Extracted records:

▼

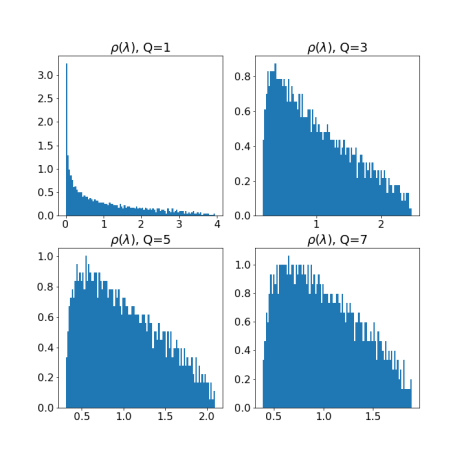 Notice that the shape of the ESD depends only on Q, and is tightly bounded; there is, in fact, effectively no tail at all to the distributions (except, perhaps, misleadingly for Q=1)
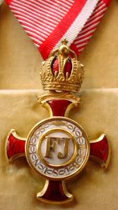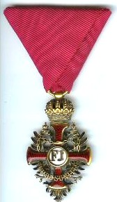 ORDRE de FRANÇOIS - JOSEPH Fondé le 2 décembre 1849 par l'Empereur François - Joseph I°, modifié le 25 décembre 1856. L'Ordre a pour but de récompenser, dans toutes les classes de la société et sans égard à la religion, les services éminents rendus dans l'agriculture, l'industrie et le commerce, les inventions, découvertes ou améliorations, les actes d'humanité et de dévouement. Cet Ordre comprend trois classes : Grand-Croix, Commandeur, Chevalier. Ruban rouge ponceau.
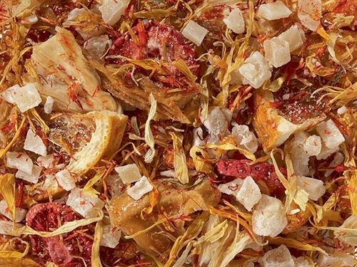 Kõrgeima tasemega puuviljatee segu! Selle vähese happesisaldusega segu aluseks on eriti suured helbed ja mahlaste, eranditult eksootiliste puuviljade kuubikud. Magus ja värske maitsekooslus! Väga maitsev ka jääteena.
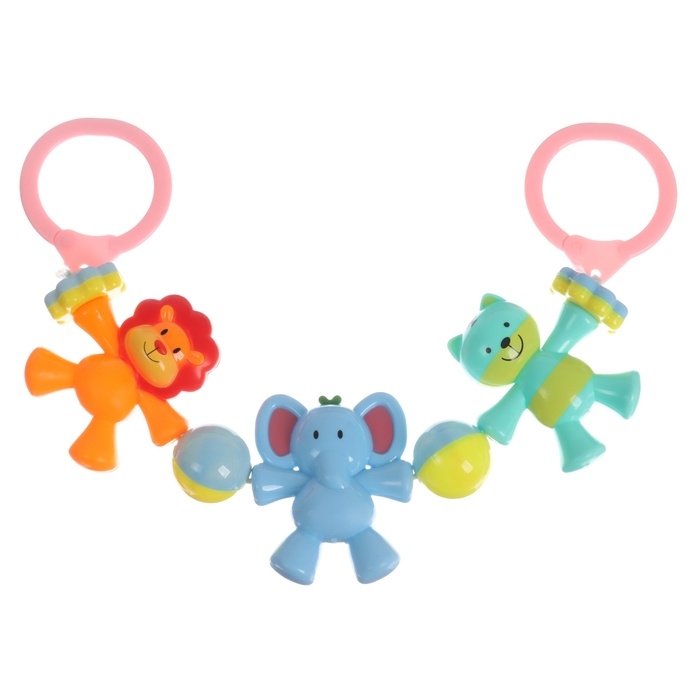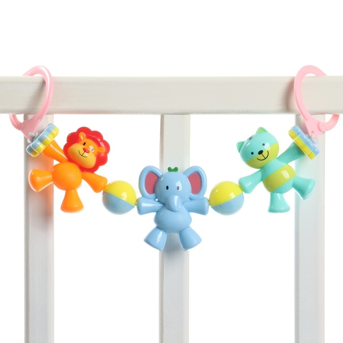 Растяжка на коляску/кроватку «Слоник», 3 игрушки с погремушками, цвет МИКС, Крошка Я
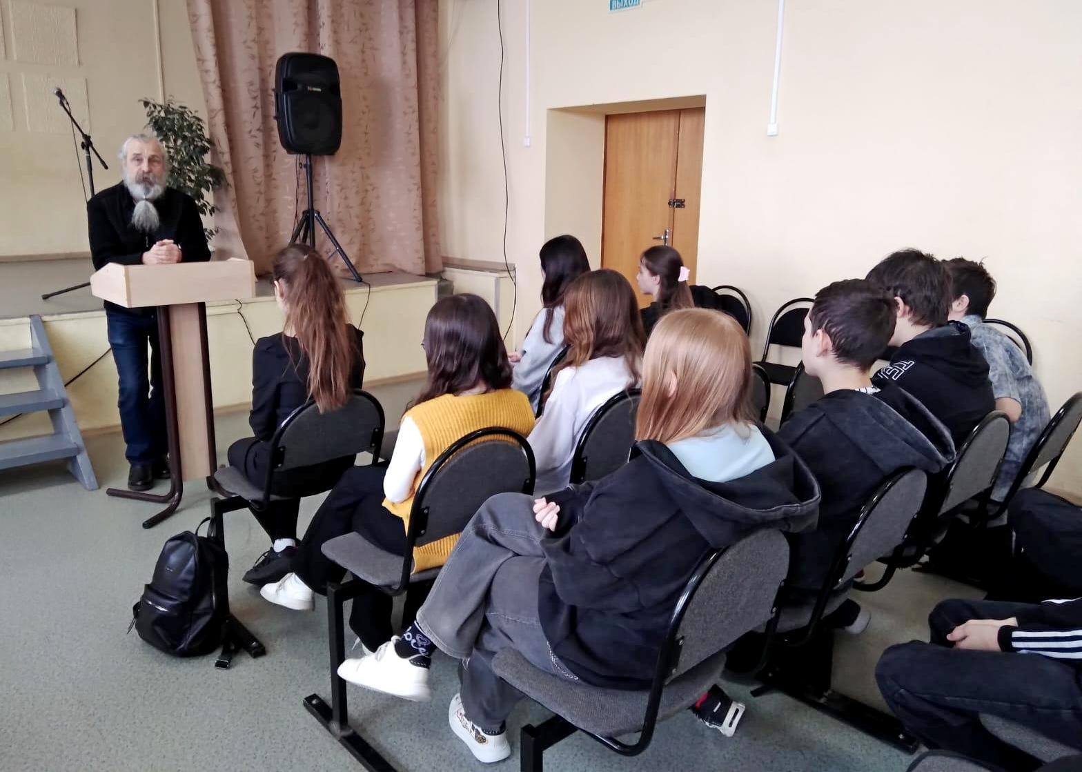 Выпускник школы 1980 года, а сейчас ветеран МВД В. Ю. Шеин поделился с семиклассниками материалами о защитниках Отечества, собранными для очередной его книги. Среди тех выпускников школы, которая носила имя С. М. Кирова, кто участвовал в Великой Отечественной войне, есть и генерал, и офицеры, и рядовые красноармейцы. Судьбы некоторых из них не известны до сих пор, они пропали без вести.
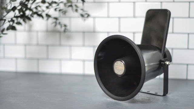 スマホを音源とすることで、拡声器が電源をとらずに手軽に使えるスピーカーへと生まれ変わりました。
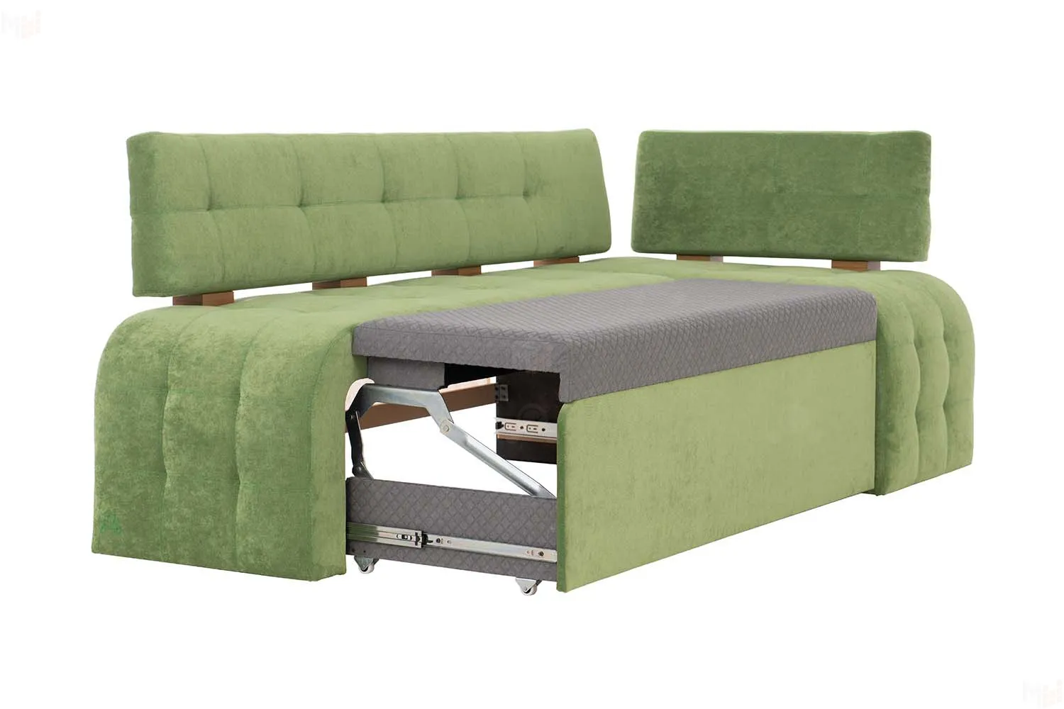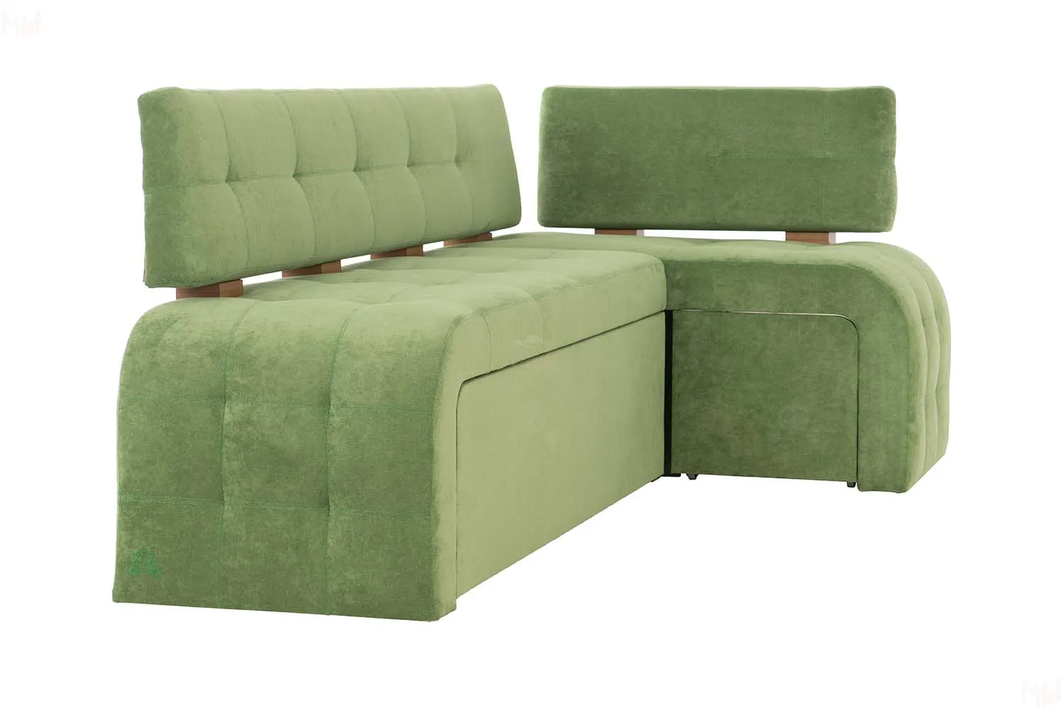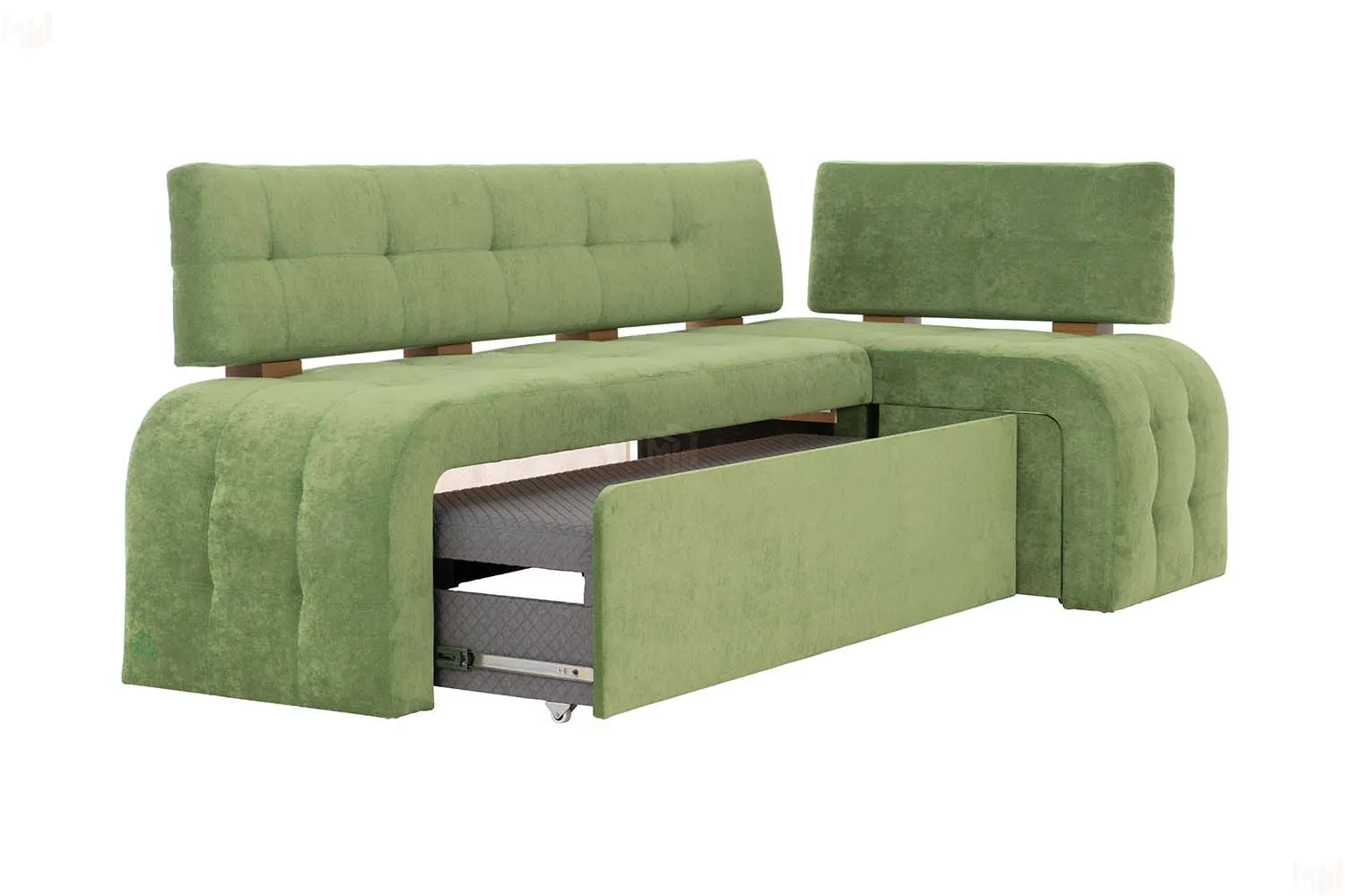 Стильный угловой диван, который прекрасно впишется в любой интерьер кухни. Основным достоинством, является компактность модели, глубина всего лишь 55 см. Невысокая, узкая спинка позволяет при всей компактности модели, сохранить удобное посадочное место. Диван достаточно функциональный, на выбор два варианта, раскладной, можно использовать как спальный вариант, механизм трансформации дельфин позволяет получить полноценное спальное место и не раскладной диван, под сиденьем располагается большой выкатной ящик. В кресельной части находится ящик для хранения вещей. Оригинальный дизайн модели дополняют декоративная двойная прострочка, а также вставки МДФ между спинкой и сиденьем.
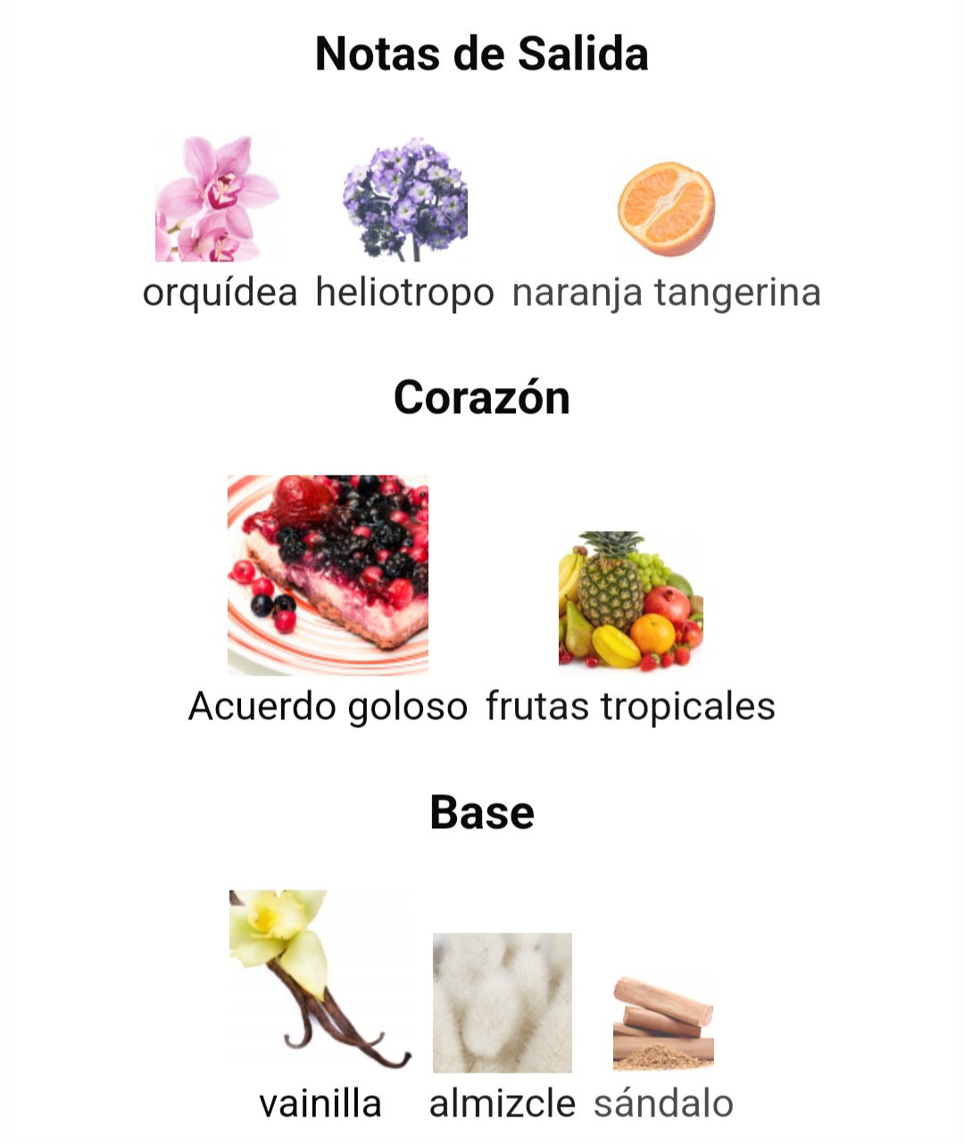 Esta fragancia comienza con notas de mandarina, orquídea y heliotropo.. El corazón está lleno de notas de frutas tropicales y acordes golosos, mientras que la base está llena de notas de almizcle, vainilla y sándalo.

▲

Your assignment: Your copy should hold every record word for word and none of the pictures.

Task solution:
 Notice that the shape of the ESD depends only on Q, and is tightly bounded; there is, in fact, effectively no tail at all to the distributions (except, perhaps, misleadingly for Q=1)
 ORDRE de FRANÇOIS - JOSEPH Fondé le 2 décembre 1849 par l'Empereur François - Joseph I°, modifié le 25 décembre 1856. L'Ordre a pour but de récompenser, dans toutes les classes de la société et sans égard à la religion, les services éminents rendus dans l'agriculture, l'industrie et le commerce, les inventions, découvertes ou améliorations, les actes d'humanité et de dévouement. Cet Ordre comprend trois classes : Grand-Croix, Commandeur, Chevalier. Ruban rouge ponceau.
 Kõrgeima tasemega puuviljatee segu! Selle vähese happesisaldusega segu aluseks on eriti suured helbed ja mahlaste, eranditult eksootiliste puuviljade kuubikud. Magus ja värske maitsekooslus! Väga maitsev ka jääteena.
 Растяжка на коляску/кроватку «Слоник», 3 игрушки с погремушками, цвет МИКС, Крошка Я
 Выпускник школы 1980 года, а сейчас ветеран МВД В. Ю. Шеин поделился с семиклассниками материалами о защитниках Отечества, собранными для очередной его книги. Среди тех выпускников школы, которая носила имя С. М. Кирова, кто участвовал в Великой Отечественной войне, есть и генерал, и офицеры, и рядовые красноармейцы. Судьбы некоторых из них не известны до сих пор, они пропали без вести.
 スマホを音源とすることで、拡声器が電源をとらずに手軽に使えるスピーカーへと生まれ変わりました。
 Стильный угловой диван, который прекрасно впишется в любой интерьер кухни. Основным достоинством, является компактность модели, глубина всего лишь 55 см. Невысокая, узкая спинка позволяет при всей компактности модели, сохранить удобное посадочное место. Диван достаточно функциональный, на выбор два варианта, раскладной, можно использовать как спальный вариант, механизм трансформации дельфин позволяет получить полноценное спальное место и не раскладной диван, под сиденьем располагается большой выкатной ящик. В кресельной части находится ящик для хранения вещей. Оригинальный дизайн модели дополняют декоративная двойная прострочка, а также вставки МДФ между спинкой и сиденьем.
 Esta fragancia comienza con notas de mandarina, orquídea y heliotropo.. El corazón está lleno de notas de frutas tropicales y acordes golosos, mientras que la base está llena de notas de almizcle, vainilla y sándalo.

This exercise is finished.